A Non-technical Example[edit]

Say we have a large box of identical cars, we roll 10 of them down a ramp and one after another they all turn left as they go down the ramp, we would likely expect the next car to go left. Say we then roll the next car, car number 11, and it goes right, car number 11 has now earned some credibility, or credible experience. We might decide this car is broken, or special, but definitely worth noticing. Note, however, that we only tried 11 cars. What if we had rolled 100 or 10,000 cars before we found the odd one? This occurrence would seem even stranger.

A likely thing the person rolling cars would do is to then try that car again - just to make sure it actually is broken or special. So we have our special car and decide to find out how unique it really is by rolling it once more down the ramp. If the car goes left might decide there was a one time fluke, there is nothing special about this car. If it rolls right we might convince ourselves we have found a unique example, a deviation from the norm. It is advantageous for insurers to look for these deviations. Quantifying the difference of what we expect to see given similarities, and what we actually observe given uniqueness uses the statistical tools of credibility theory.

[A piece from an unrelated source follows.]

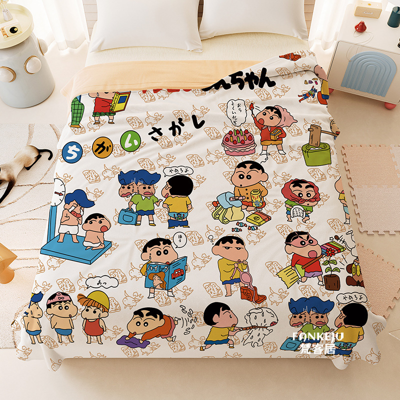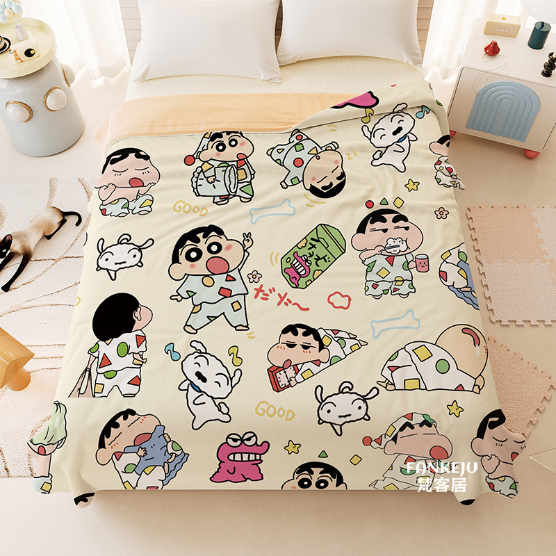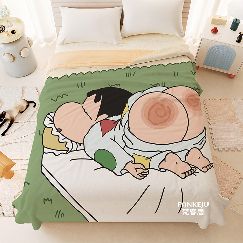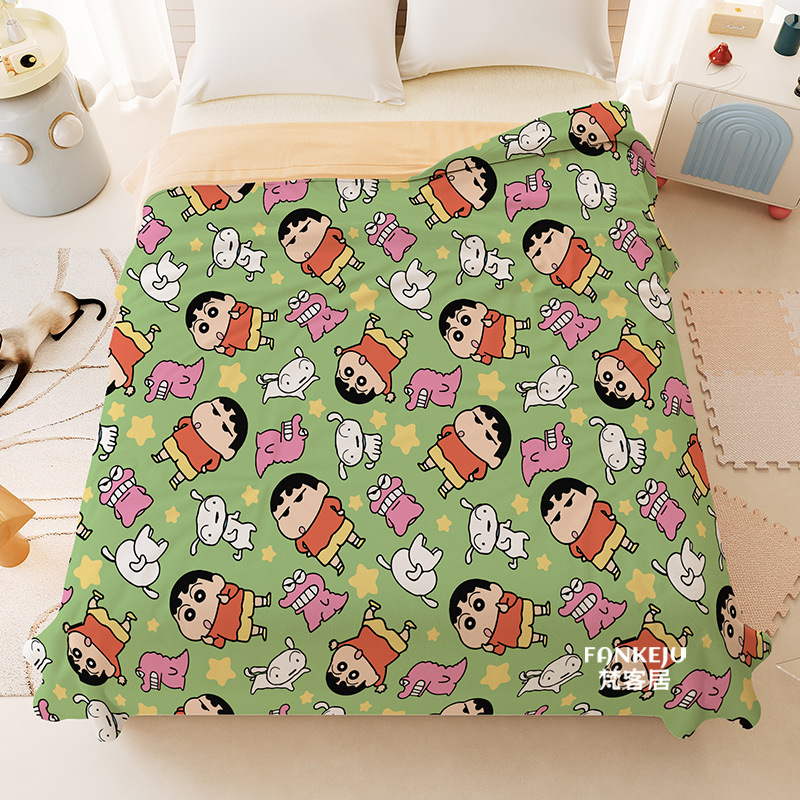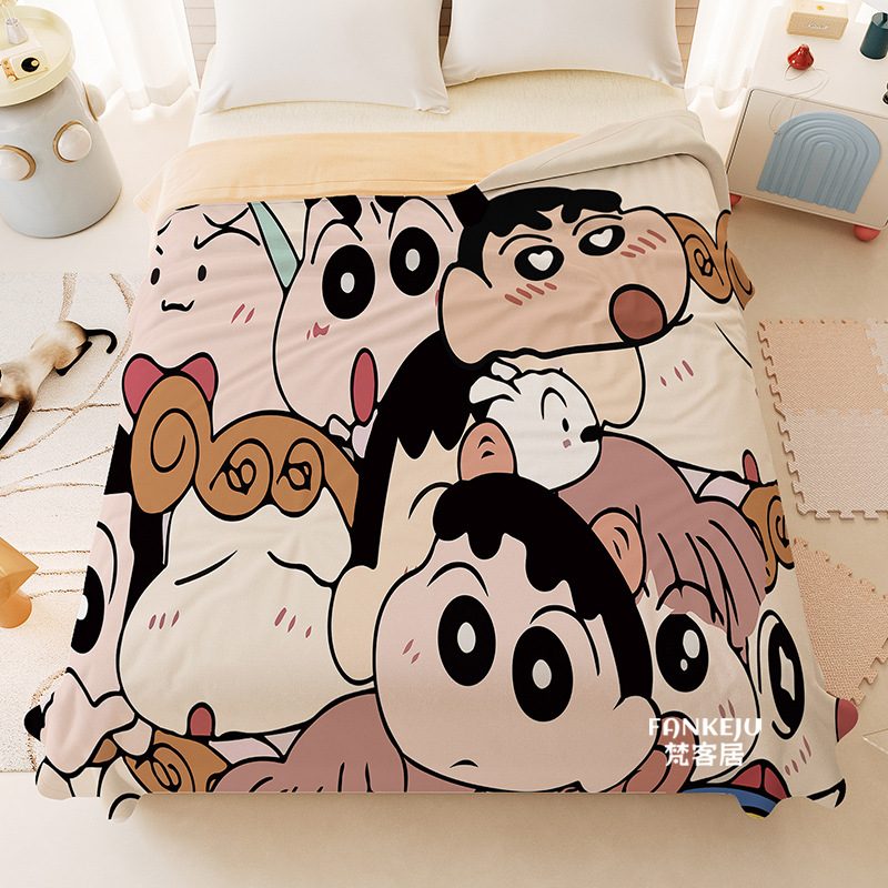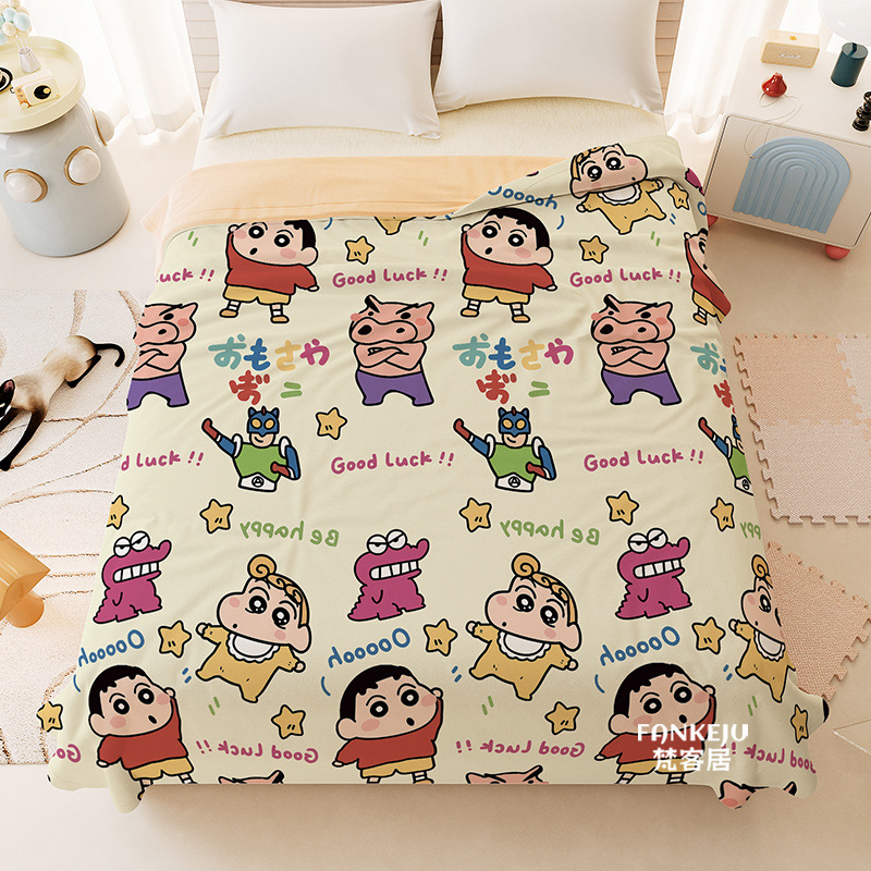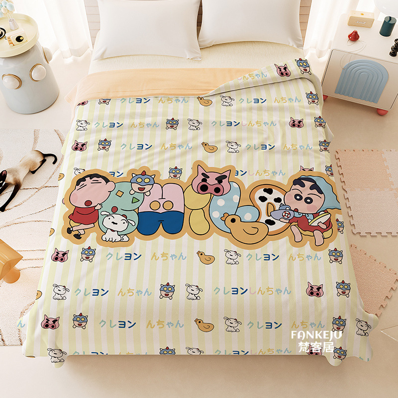일본 크레용 신짱 면 에어컨 이불 여름 얇은 이불 어린이 피부 친화적 인 통기성 만화 학생 기숙사 싱글 이불

Actuarial credibility[edit]

Actuarial credibility describes an approach used by actuaries to improve statistical estimates. Although the approach can be formulated in either a frequentist or Bayesian statistical setting, the latter is often preferred because of the ease of recognizing more than one source of randomness through both "sampling" and "prior" information. In a typical application, the actuary has an estimate X based on a small set of data, and an estimate M based on a larger but less relevant set of data. The credibility estimate is ZX + (1-Z)M,[1] where Z is a number between 0 and 1 (called the "credibility weight" or "credibility factor") calculated to balance the sampling error of X against the possible lack of relevance (and therefore modeling error) of M.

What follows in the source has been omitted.